# Lowe's lights



## Jack W (Apr 8, 2005)

Hey Matt, or anyone else that knows, what lights at Lowes are the 6700 ones. I can never find them when I look for them.


----------



## Snake52 (Dec 15, 2006)

I've only seen the ones that are 6500K labeled as Super Daylight or something like that.


----------



## Amazon_Replica (Nov 24, 2007)

phillips daylight deluxe are 6500k


----------



## MatPat (Mar 22, 2004)

I have had better luck finding the 6700K phillips lights at Home Depot than at Lowes. HD also has some cheap (~$8) T-8 shoplights and the 2 pack of 6700K bulbs is under $8. Add in a $4 can of black spray paint for the shoplight and it is hard to beat 64w of light for $20


----------



## t2000kw (Jul 29, 2006)

MatPat said:


> I have had better luck finding the 6700K phillips lights at Home Depot than at Lowes. HD also has some cheap (~$8) T-8 shoplights and the 2 pack of 6700K bulbs is under $8.


Watch that they price them correctly for you!

If they use the bar code on the lamps they will ring up at a higher price. There's a special UPC code you need from the rack that prices a pair of them at that price, lower than two at the single bulb price. You can write it down or hold up the register (which you might do anyway) while the checkout person figures it all out. At the Washington Courthouse store the checkout person had to call the electric department for the code and verification that the 2-bulb price was different than what the UPC code scanned at the register indicated. We would have paid another few dollars if I hadn't watched it as it rang up on the register. I suspected that it would happen and was watching it.


----------



## MatPat (Mar 22, 2004)

t2000kw said:


> Watch that they price them correctly for you!
> 
> If they use the bar code on the lamps they will ring up at a higher price.
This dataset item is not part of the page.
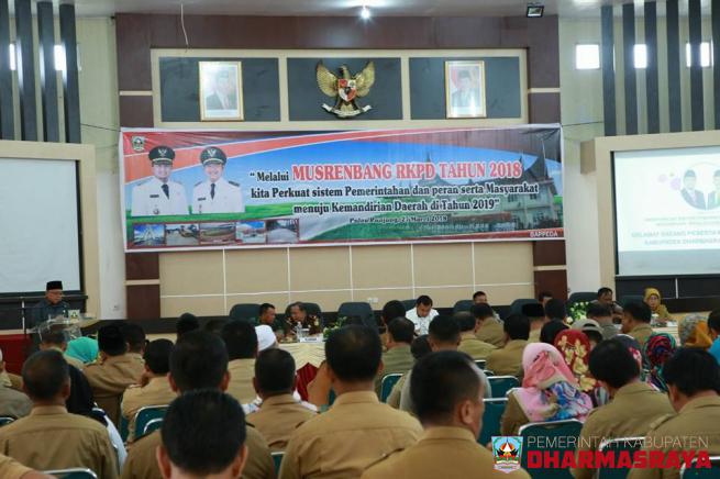 DHARMASRAYA -- Bupati Dharmasraya, Sutan Riska Tuanku Kerajaan, membuka secara resmi Musrenbang RKPD (Rencana Kerja Pembangunan Daerah) tahun 2019, di Auditorium Dharmasraya, Selasa (27/03). Kegiatan yang diikuti oleh seluruh perangkat daerah, camat, wali nagari dan stakeholder lainnya itu turut dih...

In all honesty you should do this with every purchase now days. I don't know how many times, when buying groceries at Wal Mart, things do not ring up at the price indicated on the shelf. I'm not sure if it is a legitimate error or if it is a scam by stores to get a higher price since most people don't pay much attention to the scanned price after they put an item in their cart


----------